__REQUIREMENT__.
Make an exact copy of the records, dropping all pictures.

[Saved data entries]
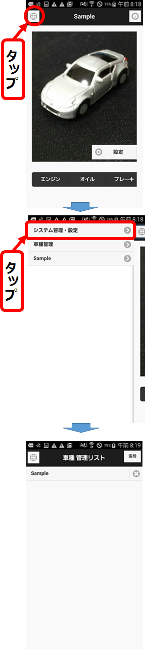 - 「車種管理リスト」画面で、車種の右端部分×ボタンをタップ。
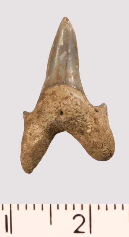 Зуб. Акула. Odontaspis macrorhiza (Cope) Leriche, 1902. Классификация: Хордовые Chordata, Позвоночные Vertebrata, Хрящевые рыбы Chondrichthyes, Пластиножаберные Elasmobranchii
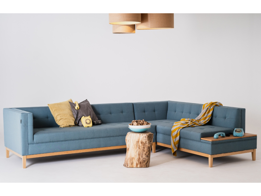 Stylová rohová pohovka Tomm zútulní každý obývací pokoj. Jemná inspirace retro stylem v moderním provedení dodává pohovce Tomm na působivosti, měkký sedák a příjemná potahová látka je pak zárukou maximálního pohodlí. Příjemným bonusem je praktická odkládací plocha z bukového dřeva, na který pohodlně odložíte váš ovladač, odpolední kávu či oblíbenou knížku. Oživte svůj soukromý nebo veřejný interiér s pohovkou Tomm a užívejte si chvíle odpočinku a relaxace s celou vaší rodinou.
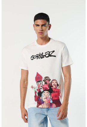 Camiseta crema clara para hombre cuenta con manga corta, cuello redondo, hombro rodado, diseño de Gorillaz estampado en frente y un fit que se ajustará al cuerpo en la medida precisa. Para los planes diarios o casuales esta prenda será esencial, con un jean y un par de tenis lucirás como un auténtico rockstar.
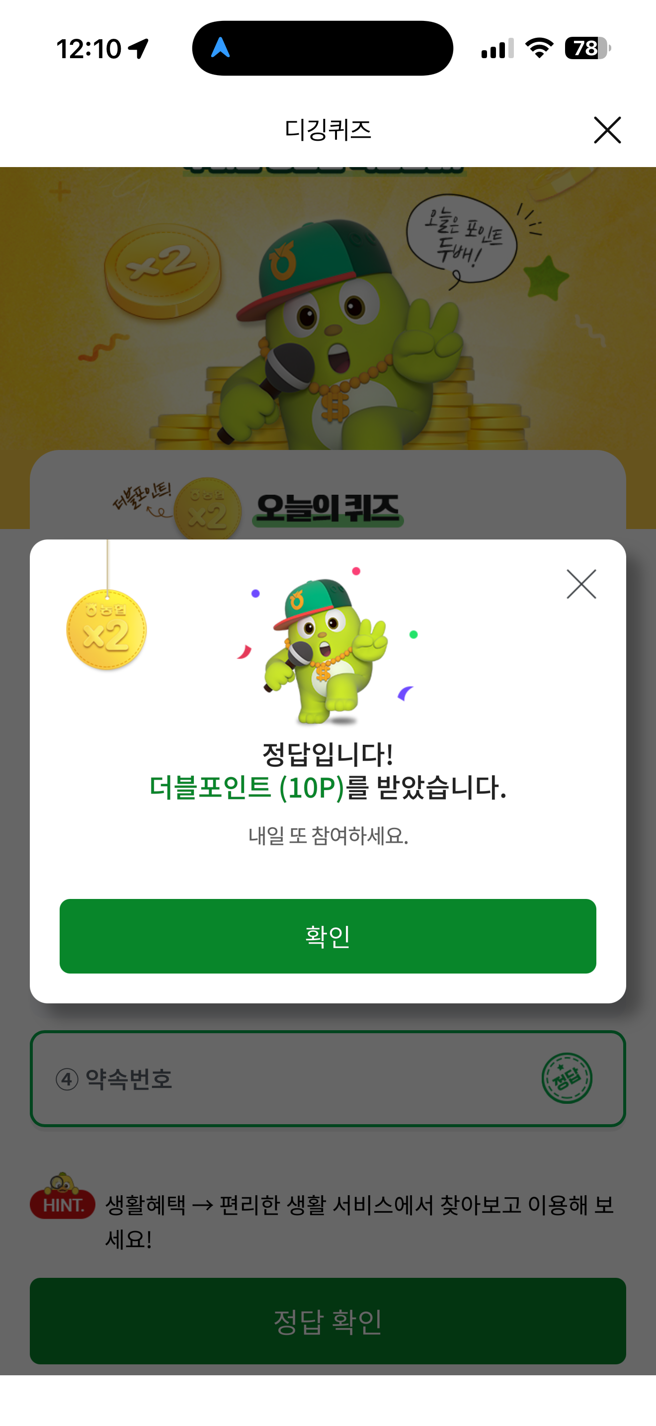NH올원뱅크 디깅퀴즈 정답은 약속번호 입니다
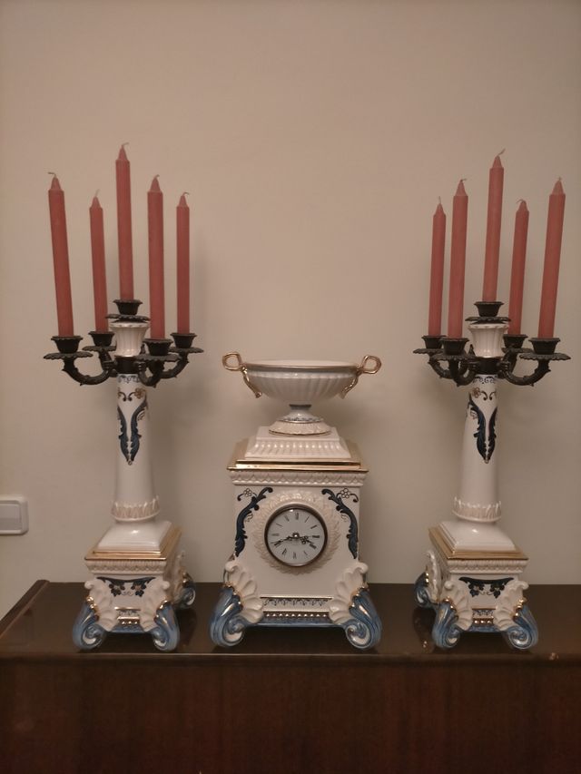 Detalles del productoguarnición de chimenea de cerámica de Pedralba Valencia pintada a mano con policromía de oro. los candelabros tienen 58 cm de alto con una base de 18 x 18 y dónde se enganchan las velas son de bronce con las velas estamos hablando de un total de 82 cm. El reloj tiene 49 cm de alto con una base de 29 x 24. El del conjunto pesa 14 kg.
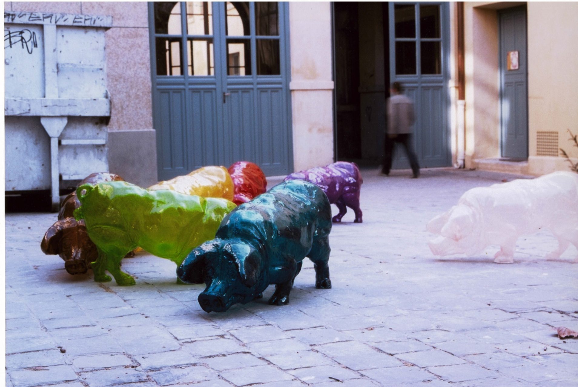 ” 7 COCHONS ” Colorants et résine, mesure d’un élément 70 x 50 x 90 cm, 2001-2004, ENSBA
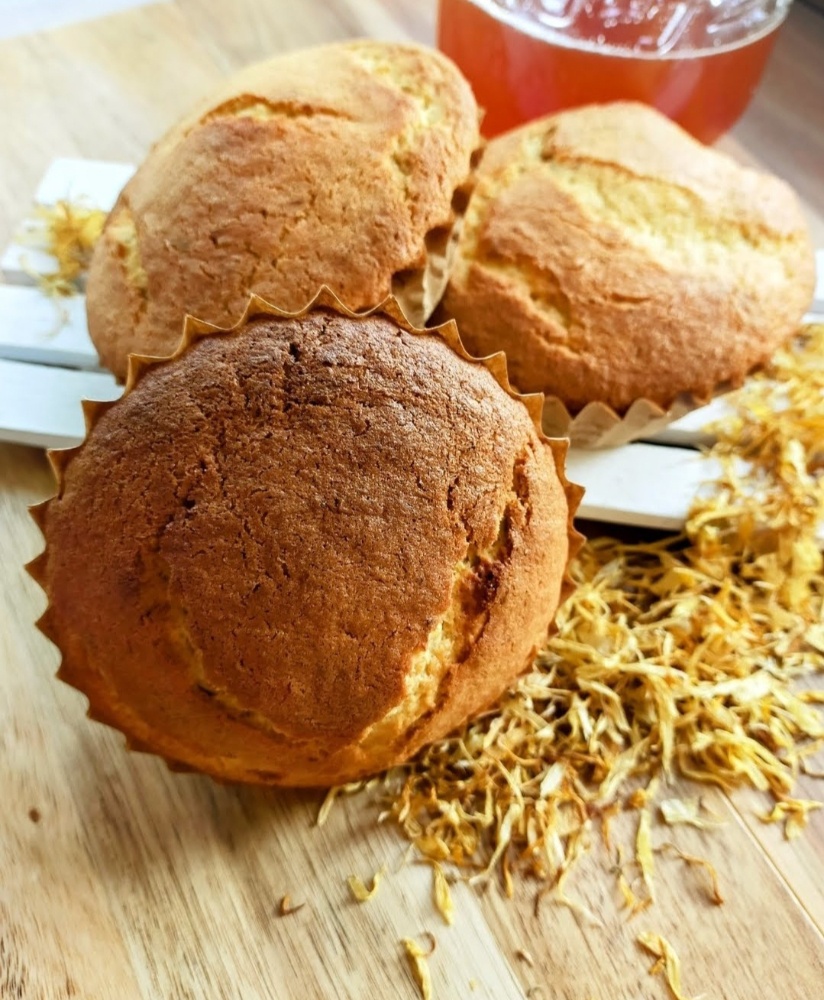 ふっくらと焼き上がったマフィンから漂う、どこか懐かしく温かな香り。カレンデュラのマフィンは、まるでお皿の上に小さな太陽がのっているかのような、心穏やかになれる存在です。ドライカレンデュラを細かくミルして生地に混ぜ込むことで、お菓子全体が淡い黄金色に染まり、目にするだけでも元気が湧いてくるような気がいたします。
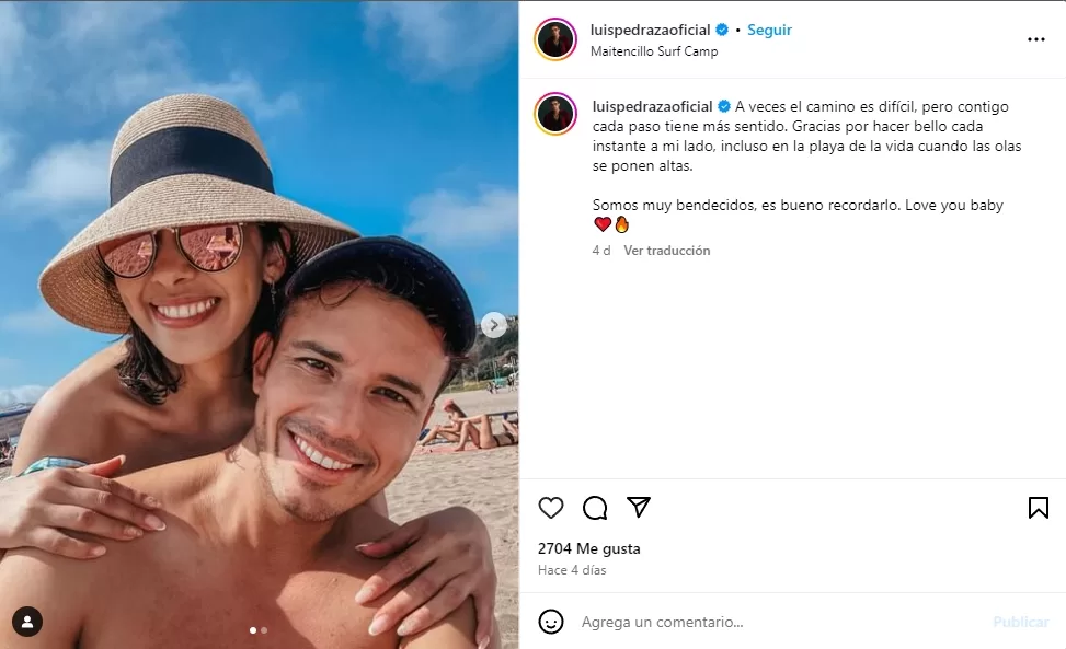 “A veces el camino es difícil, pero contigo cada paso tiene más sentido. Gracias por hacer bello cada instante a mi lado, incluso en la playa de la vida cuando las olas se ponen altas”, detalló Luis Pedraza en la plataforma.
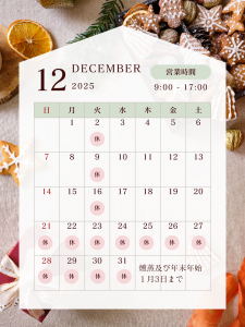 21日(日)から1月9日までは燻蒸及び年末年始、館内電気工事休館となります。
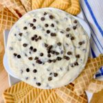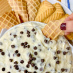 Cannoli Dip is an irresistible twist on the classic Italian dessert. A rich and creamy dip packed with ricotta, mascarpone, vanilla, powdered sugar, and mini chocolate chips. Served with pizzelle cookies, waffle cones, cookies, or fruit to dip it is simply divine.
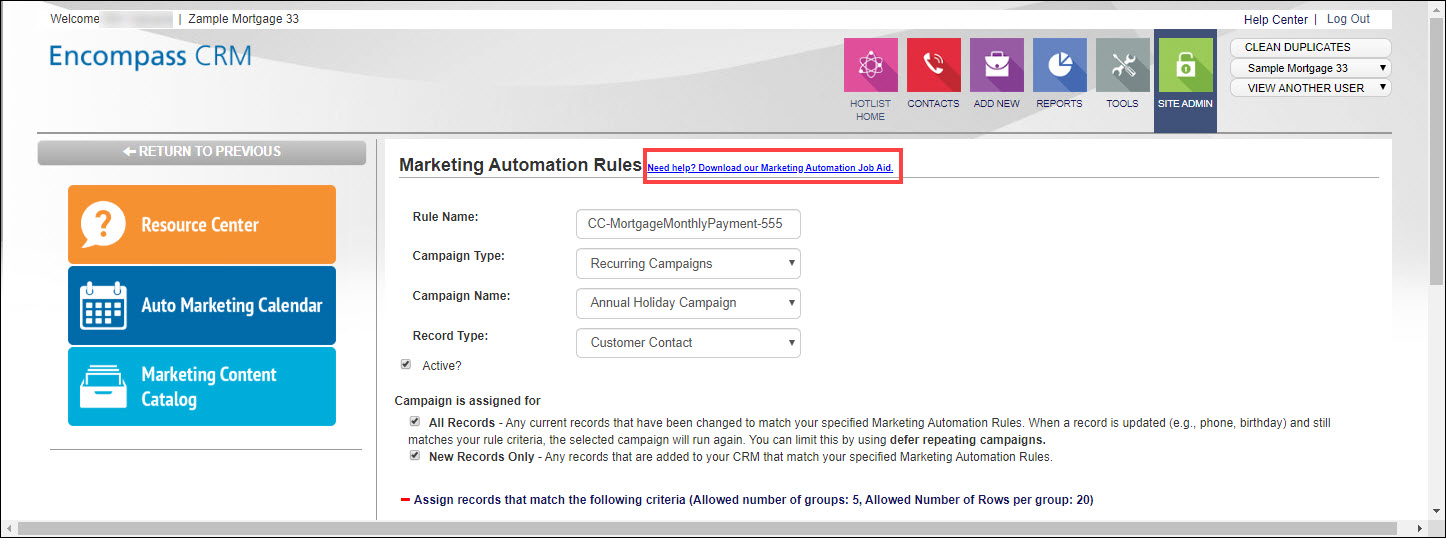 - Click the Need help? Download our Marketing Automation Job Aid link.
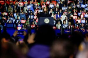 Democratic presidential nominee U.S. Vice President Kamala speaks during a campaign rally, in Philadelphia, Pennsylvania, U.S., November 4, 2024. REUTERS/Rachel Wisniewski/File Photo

__ANSWER BOX__.
 - 「車種管理リスト」画面で、車種の右端部分×ボタンをタップ。
 Зуб. Акула. Odontaspis macrorhiza (Cope) Leriche, 1902. Классификация: Хордовые Chordata, Позвоночные Vertebrata, Хрящевые рыбы Chondrichthyes, Пластиножаберные Elasmobranchii
 Stylová rohová pohovka Tomm zútulní každý obývací pokoj. Jemná inspirace retro stylem v moderním provedení dodává pohovce Tomm na působivosti, měkký sedák a příjemná potahová látka je pak zárukou maximálního pohodlí. Příjemným bonusem je praktická odkládací plocha z bukového dřeva, na který pohodlně odložíte váš ovladač, odpolední kávu či oblíbenou knížku. Oživte svůj soukromý nebo veřejný interiér s pohovkou Tomm a užívejte si chvíle odpočinku a relaxace s celou vaší rodinou.
 Camiseta crema clara para hombre cuenta con manga corta, cuello redondo, hombro rodado, diseño de Gorillaz estampado en frente y un fit que se ajustará al cuerpo en la medida precisa. Para los planes diarios o casuales esta prenda será esencial, con un jean y un par de tenis lucirás como un auténtico rockstar.
NH올원뱅크 디깅퀴즈 정답은 약속번호 입니다
 Detalles del productoguarnición de chimenea de cerámica de Pedralba Valencia pintada a mano con policromía de oro. los candelabros tienen 58 cm de alto con una base de 18 x 18 y dónde se enganchan las velas son de bronce con las velas estamos hablando de un total de 82 cm. El reloj tiene 49 cm de alto con una base de 29 x 24. El del conjunto pesa 14 kg.
 ” 7 COCHONS ” Colorants et résine, mesure d’un élément 70 x 50 x 90 cm, 2001-2004, ENSBA
 ふっくらと焼き上がったマフィンから漂う、どこか懐かしく温かな香り。カレンデュラのマフィンは、まるでお皿の上に小さな太陽がのっているかのような、心穏やかになれる存在です。ドライカレンデュラを細かくミルして生地に混ぜ込むことで、お菓子全体が淡い黄金色に染まり、目にするだけでも元気が湧いてくるような気がいたします。
 “A veces el camino es difícil, pero contigo cada paso tiene más sentido. Gracias por hacer bello cada instante a mi lado, incluso en la playa de la vida cuando las olas se ponen altas”, detalló Luis Pedraza en la plataforma.
 21日(日)から1月9日までは燻蒸及び年末年始、館内電気工事休館となります。
 Cannoli Dip is an irresistible twist on the classic Italian dessert. A rich and creamy dip packed with ricotta, mascarpone, vanilla, powdered sugar, and mini chocolate chips. Served with pizzelle cookies, waffle cones, cookies, or fruit to dip it is simply divine.
 - Click the Need help? Download our Marketing Automation Job Aid link.
 Democratic presidential nominee U.S. Vice President Kamala speaks during a campaign rally, in Philadelphia, Pennsylvania, U.S., November 4, 2024. REUTERS/Rachel Wisniewski/File Photo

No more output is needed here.